Sermon Commentary for Sunday, March 3, 2019

Luke 9:28-36 Commentary

Not for nothing are they called “Mountaintop Experiences”!  In the Bible, when a story takes us up to a mountaintop, it’s a fair bet that something dramatic is going to happen—indeed, it’s a fair bet that something deeply revelatory is going to happen.  Luke 9 is no exception.  But the drama up there on that mountain seems to have been only partly intended to make an impression on the disciples.  The rest of the event seems to have taken place for Jesus’ edification.

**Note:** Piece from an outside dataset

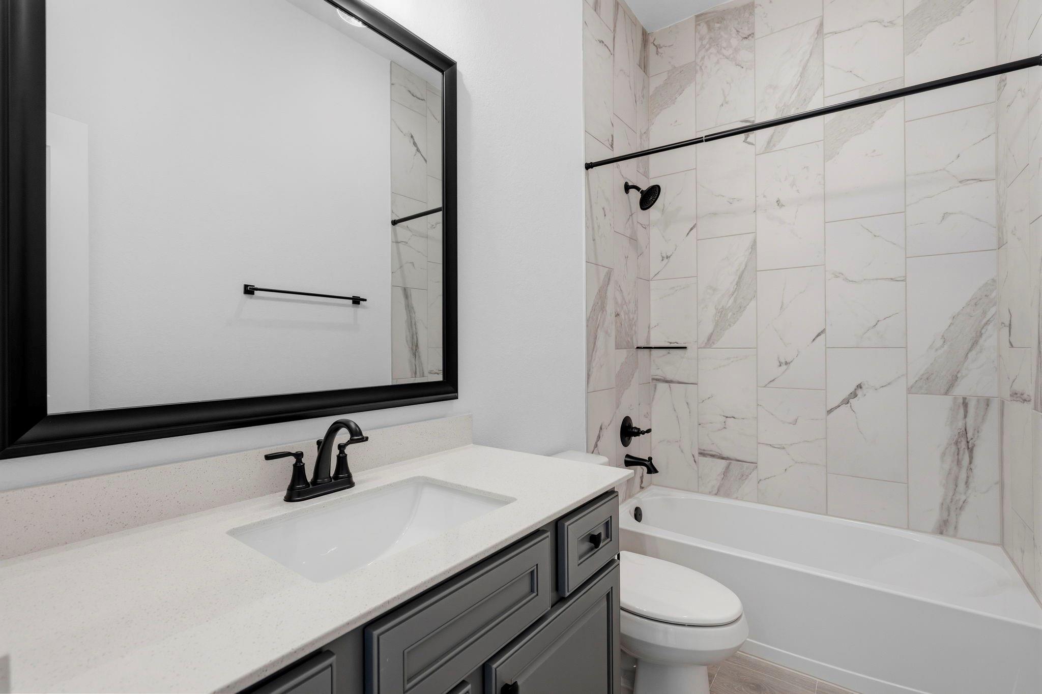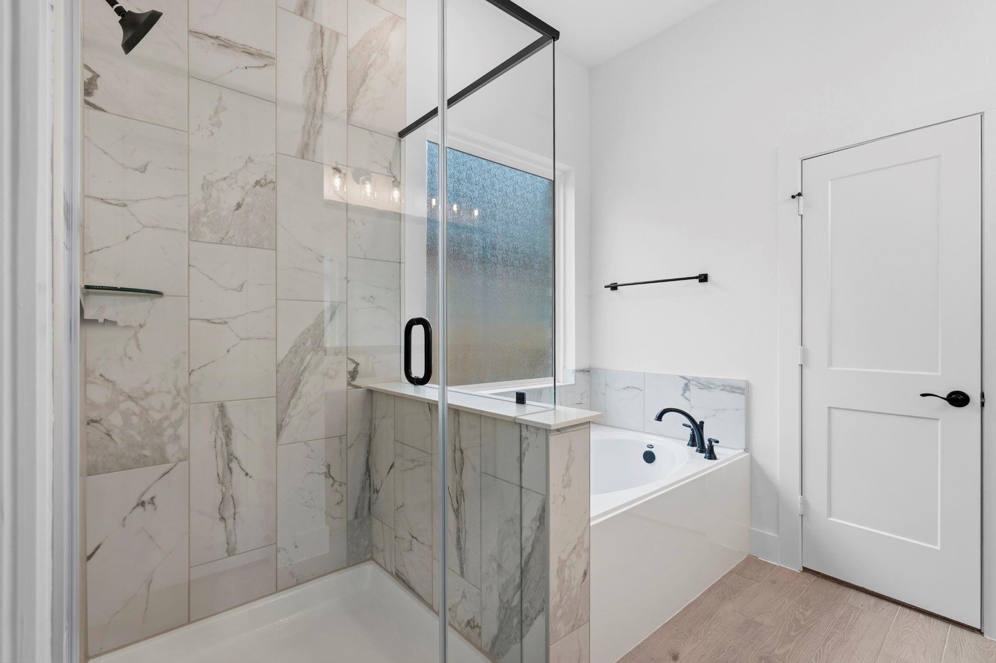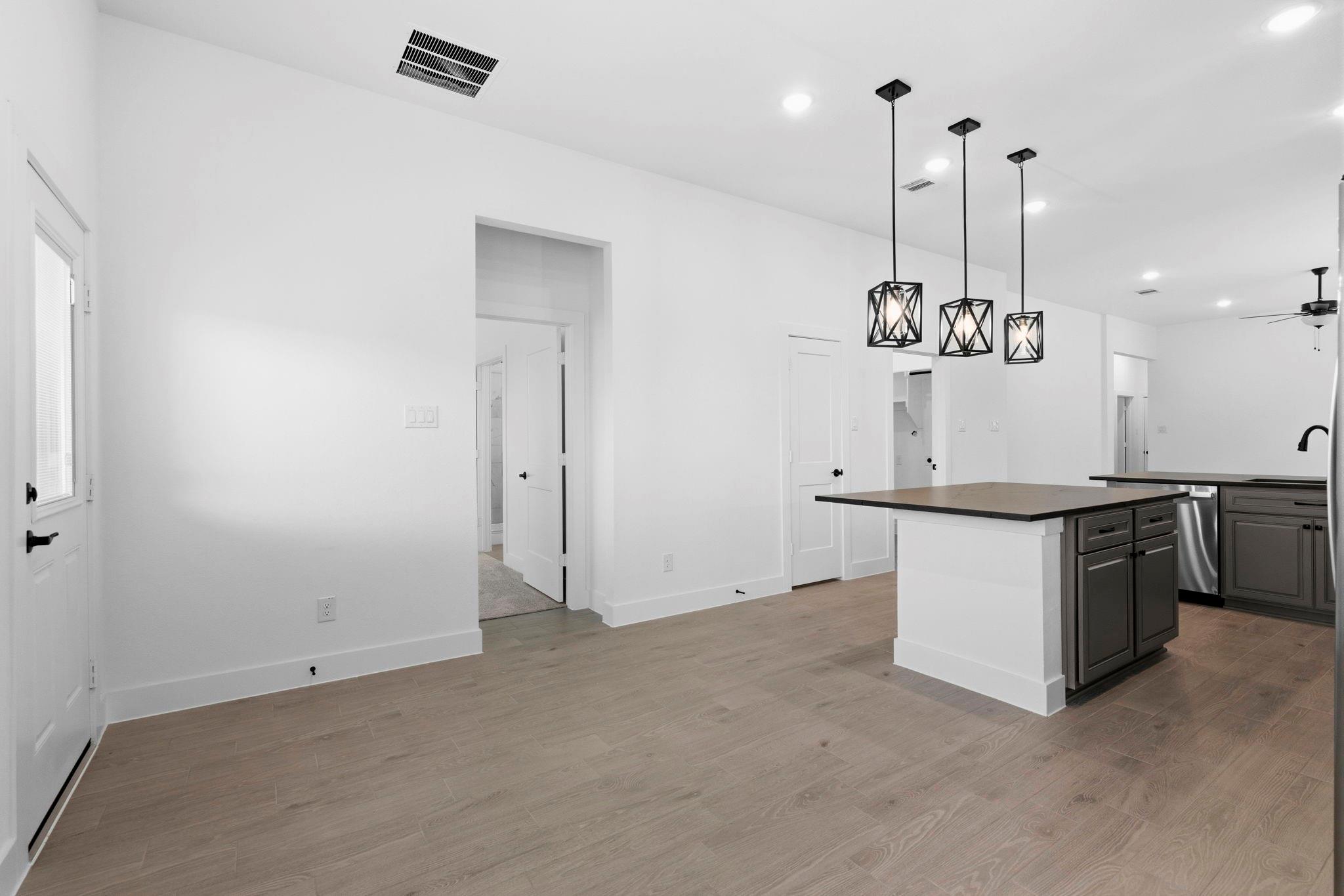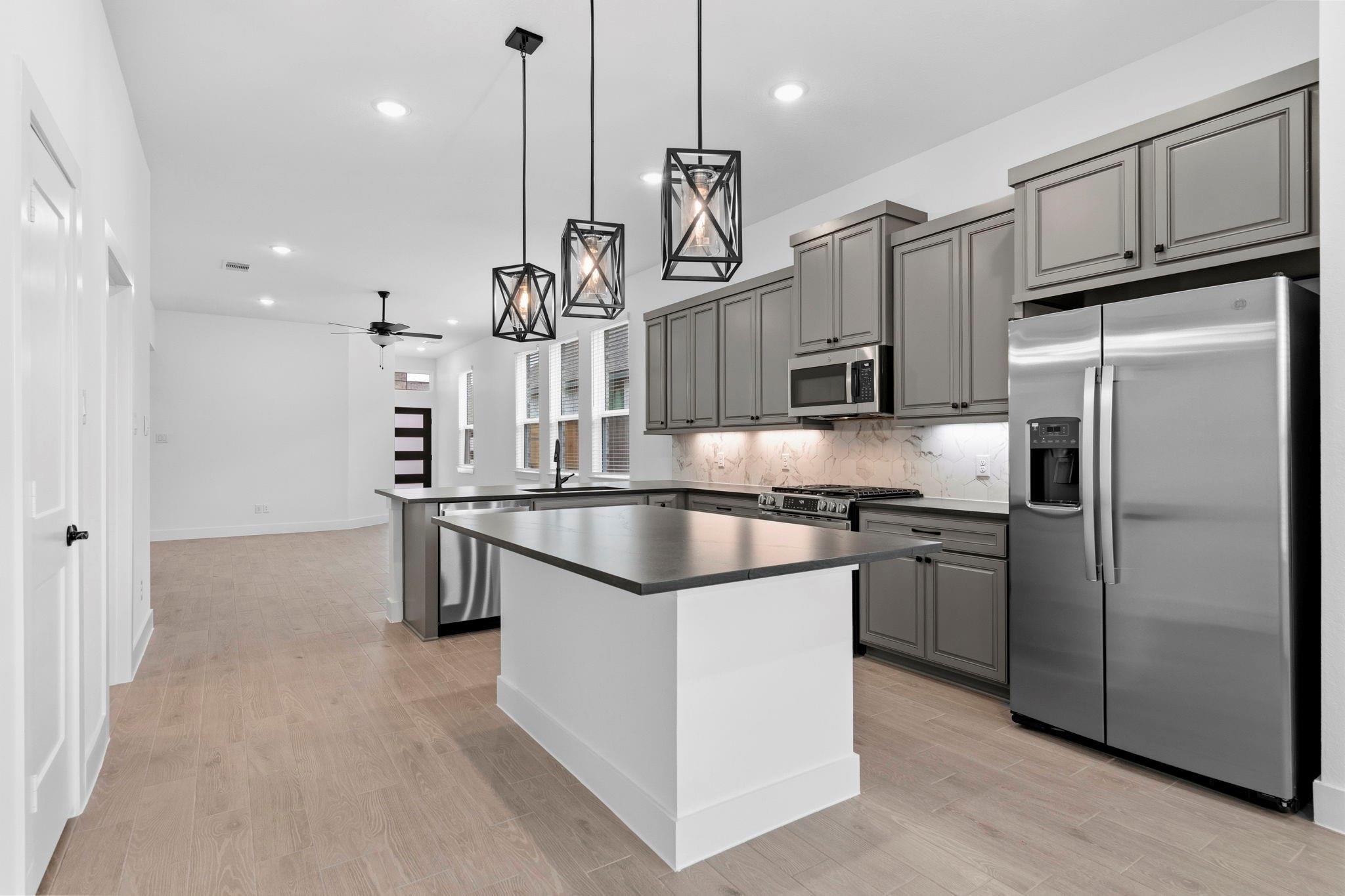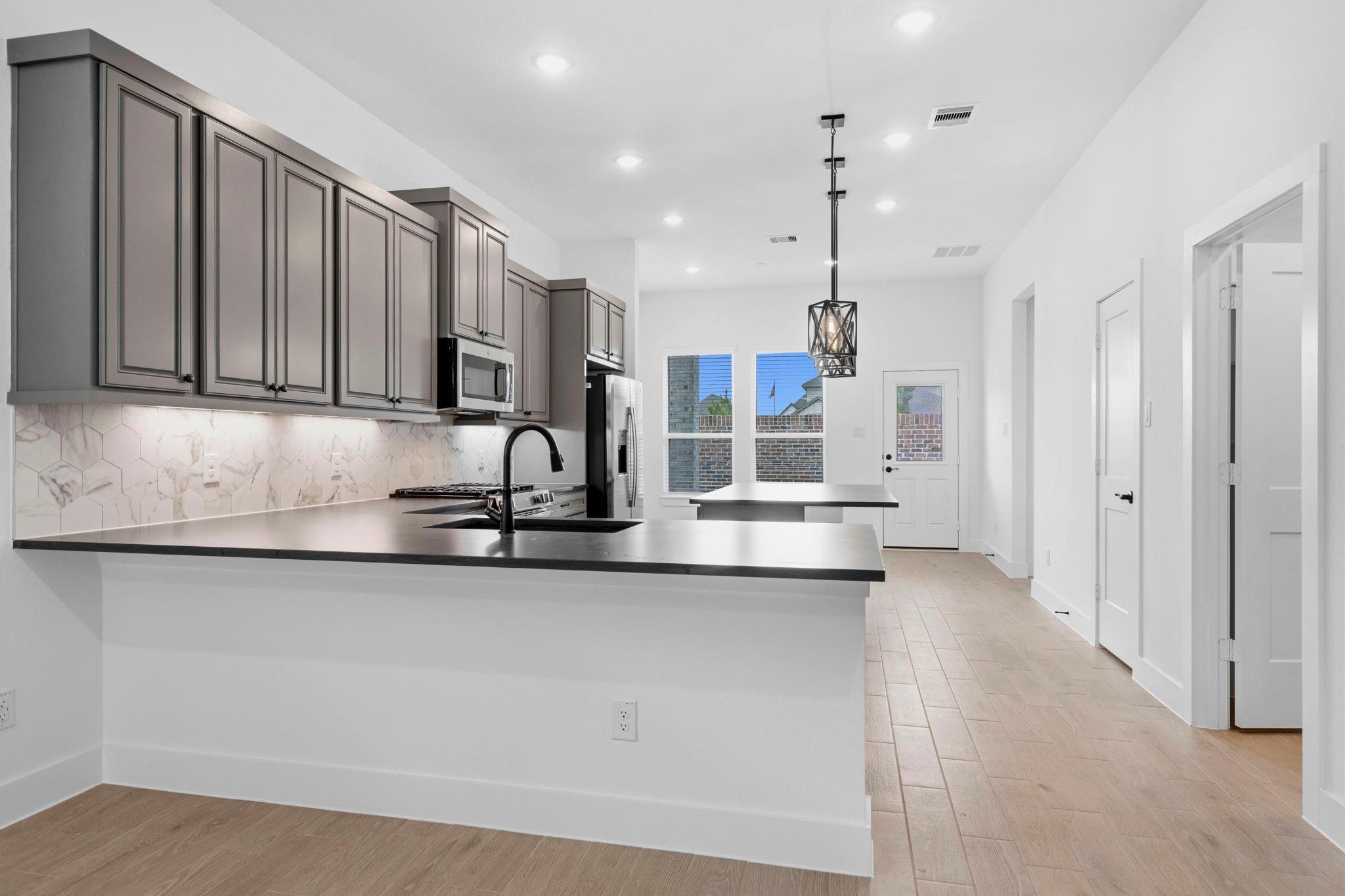 This beautiful never lived in one story offers a home office & no back neighbors. HUGE oversized front porch. Tall ceilings throughout. Kitchen includes matte black texturized countertops by Cambria, single undermount black sink, 42" cabinets with plenty of storage, hexagon tile backsplash and under cabinet lighting. Large island adding additional seating space with gorgeous pendant lights as well. Separate tub & shower in Primary Retreat. Full sprinkler system front & back. Garage door openers. 2" blinds. Tankless water heater. 16-SEER HVAC system with Merve 11 fresh air filtration system & so much more!

Consider the wider context of Luke here.  As Jesus prepares to make his final trek toward Jerusalem (see Luke 9:51), he is talking increasingly about suffering, betrayal, and death.  It’s weighing heavily on his mind.  But the disciples seem lost in a fog of cluelessness.  They are not really tracking all of what Jesus is saying, and so when Jesus speaks openly about his impending death, the disciples sometimes say nothing at all (note what happens after Luke 9:27: we fast-forward 8 whole days with no reported reactions whatsoever of the disciples to what Jesus had said).  Or they find Jesus’ rhetoric merely baffling and bewildering (see what happens in Luke 9:45 after another direct prediction of betrayal).  Or they respond to Jesus’ talk about sacrifice and humility by incarnating its opposite in a wrangling over and jockeying for power and privilege in Jesus’ coming kingdom (see Luke 9:46-50).

How did Jesus put up with all this!!??

In other words, long about the time Jesus could use all the support he could get, the disciples are simply unavailable to him in any meaningful way.  They cannot encourage Jesus to stick with what they don’t understand (and would resist if they did understand it).  Indeed, by their very demeanor and words, they are actually tugging Jesus another direction!  Every time they respond to Jesus’ predictions about suffering with indifference or with actions that tug another direction, Jesus must surely have heard the tempter’s voice whispering into his ear, “See, even your friends don’t buy it!  Go another way!  Seize the day!  Go on and at least try to establish an earthly kingdom.  For THAT your friends will follow you to the bitter end!”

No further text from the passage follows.